**Directions for this task:** Below, find the line containing "кор., 29,5-26,5-14,5 см." and the line containing "посребрен с висока"; reproduce exactly those two and every line between them, omitting pictures.

**Data for review:**
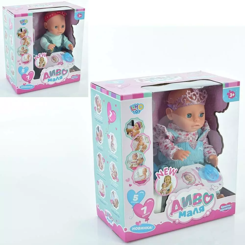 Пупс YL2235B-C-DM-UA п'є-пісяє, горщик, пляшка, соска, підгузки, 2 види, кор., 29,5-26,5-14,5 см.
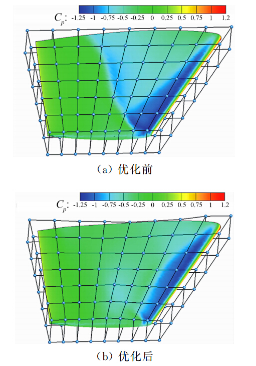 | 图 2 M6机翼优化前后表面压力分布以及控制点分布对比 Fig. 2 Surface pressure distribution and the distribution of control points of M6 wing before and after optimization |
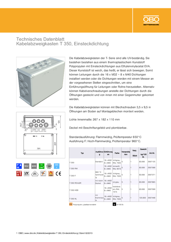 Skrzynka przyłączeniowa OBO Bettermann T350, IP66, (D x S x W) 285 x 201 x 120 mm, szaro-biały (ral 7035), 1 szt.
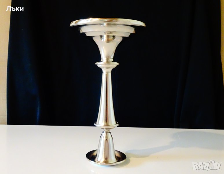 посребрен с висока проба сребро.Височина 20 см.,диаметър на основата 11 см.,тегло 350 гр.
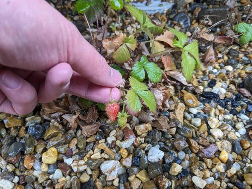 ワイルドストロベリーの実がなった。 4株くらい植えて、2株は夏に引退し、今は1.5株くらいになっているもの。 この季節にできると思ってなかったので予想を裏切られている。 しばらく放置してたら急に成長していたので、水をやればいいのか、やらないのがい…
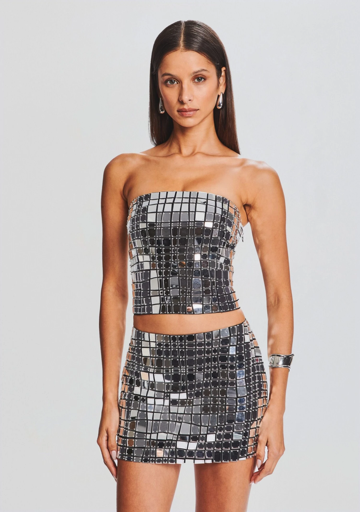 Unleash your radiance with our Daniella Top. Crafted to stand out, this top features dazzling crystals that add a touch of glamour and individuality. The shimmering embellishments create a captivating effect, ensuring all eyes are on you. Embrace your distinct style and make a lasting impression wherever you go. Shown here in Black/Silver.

...

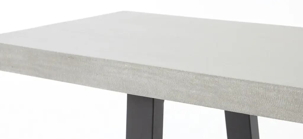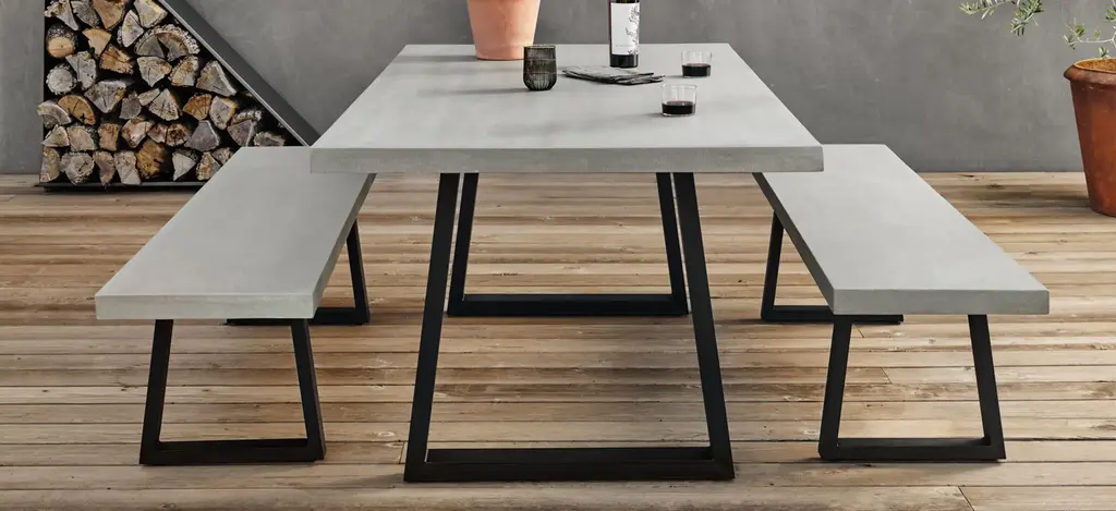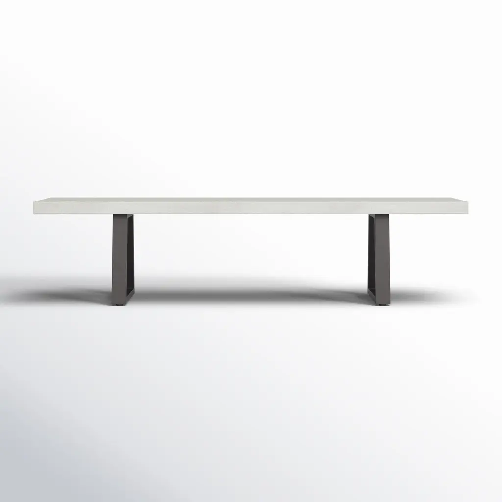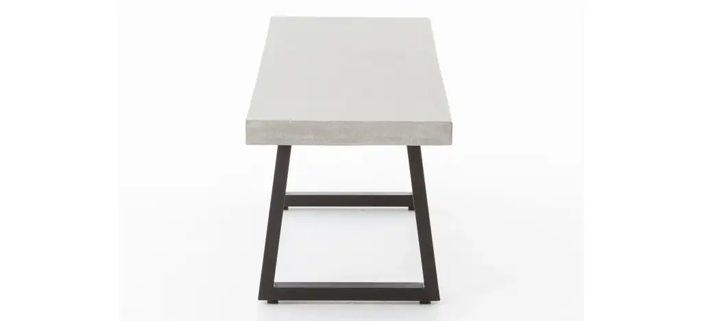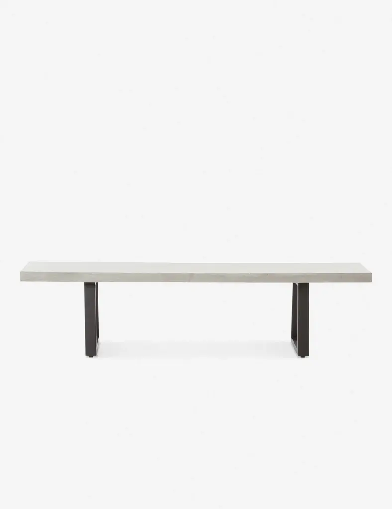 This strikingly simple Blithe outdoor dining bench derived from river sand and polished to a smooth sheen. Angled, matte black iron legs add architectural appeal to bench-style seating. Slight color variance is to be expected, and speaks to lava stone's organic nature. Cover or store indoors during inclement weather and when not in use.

**Response to the exercise:**
 Пупс YL2235B-C-DM-UA п'є-пісяє, горщик, пляшка, соска, підгузки, 2 види, кор., 29,5-26,5-14,5 см.
 | 图 2 M6机翼优化前后表面压力分布以及控制点分布对比 Fig. 2 Surface pressure distribution and the distribution of control points of M6 wing before and after optimization |
 Skrzynka przyłączeniowa OBO Bettermann T350, IP66, (D x S x W) 285 x 201 x 120 mm, szaro-biały (ral 7035), 1 szt.
 посребрен с висока проба сребро.Височина 20 см.,диаметър на основата 11 см.,тегло 350 гр.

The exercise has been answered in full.